Task goal: Your answer must be the lines from the one containing "Kefesűrű feketefenyő újulat" through the last line below, copied exactly, with no pictures.

Record excerpts:
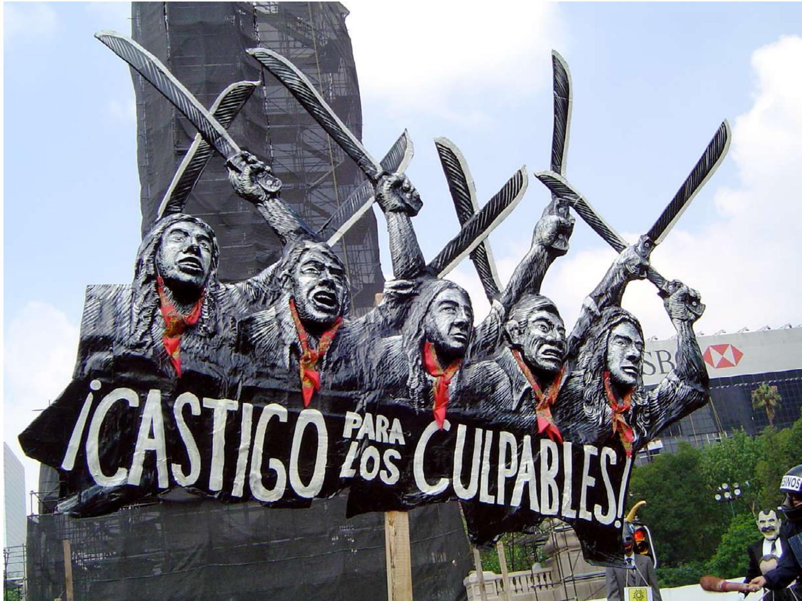
Pancarta tridimensional realizada por el artista visual Rama, portada en marcha contra la represión en Atenco, Estado de México, en la Ciudad de México, 28 mayo 2006.
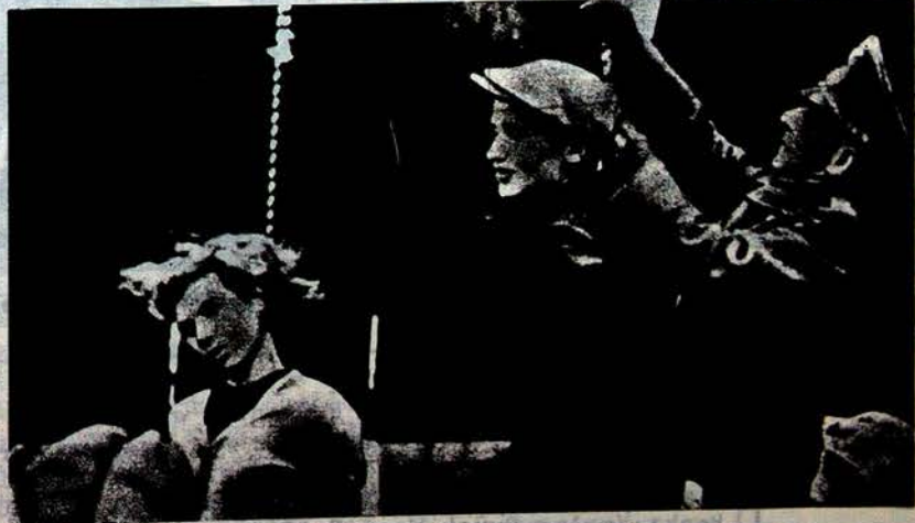
Bir SS-Gestapo tarafından asılan gençler.

"Halkın ve vatanın derdini halletme" kanunu çıkarılarak Hitler hükümetine, anayasaya uymasa da, meclisin tasdiğinden geçmeden kanun çıkarma yetkisi verildi. Faşistlerin bizzat kundakladıkları Meclis binası yanğını "Komünistler çıkardı" diyerek, bir gecede 10 000 ile ricci, demokrat ve sosyalist işçi, sendikacı, yazar, öğrenci ve profesör zindanlara atıldı.
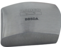
Tas americano BBSDA
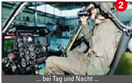
2 ... bei Tag und Nacht ...
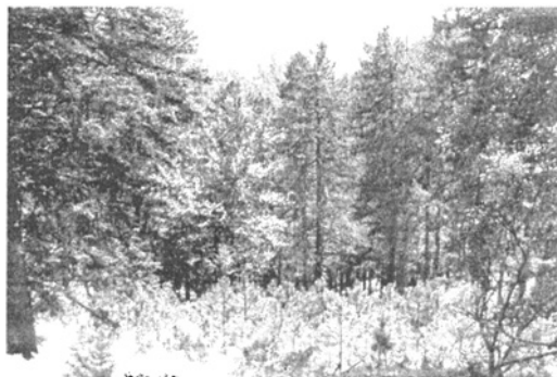
Kefesűrű feketefenyő újulat
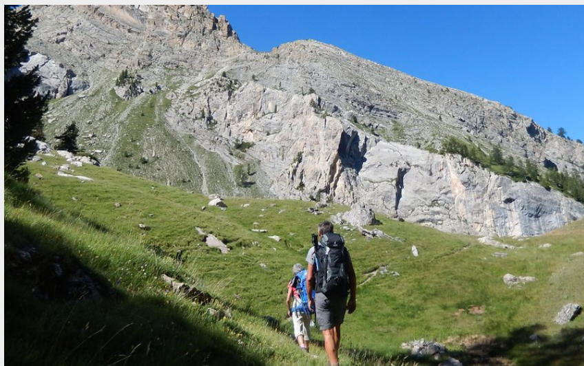
Aux abords de la Crête de la Mourière (CDRP05)
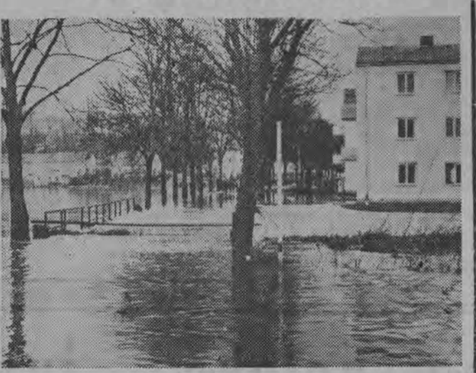
NA ZDJECIU: Zwieterbrücken. Woda zalała częściowo zabudowę w ubiegłym roku osiedle zamieszkałe przez ok. 1000 osób.
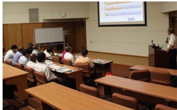
加本上席研究員による講義

Output for this task:
Kefesűrű feketefenyő újulat
Aux abords de la Crête de la Mourière (CDRP05)
NA ZDJECIU: Zwieterbrücken. Woda zalała częściowo zabudowę w ubiegłym roku osiedle zamieszkałe przez ok. 1000 osób.
加本上席研究員による講義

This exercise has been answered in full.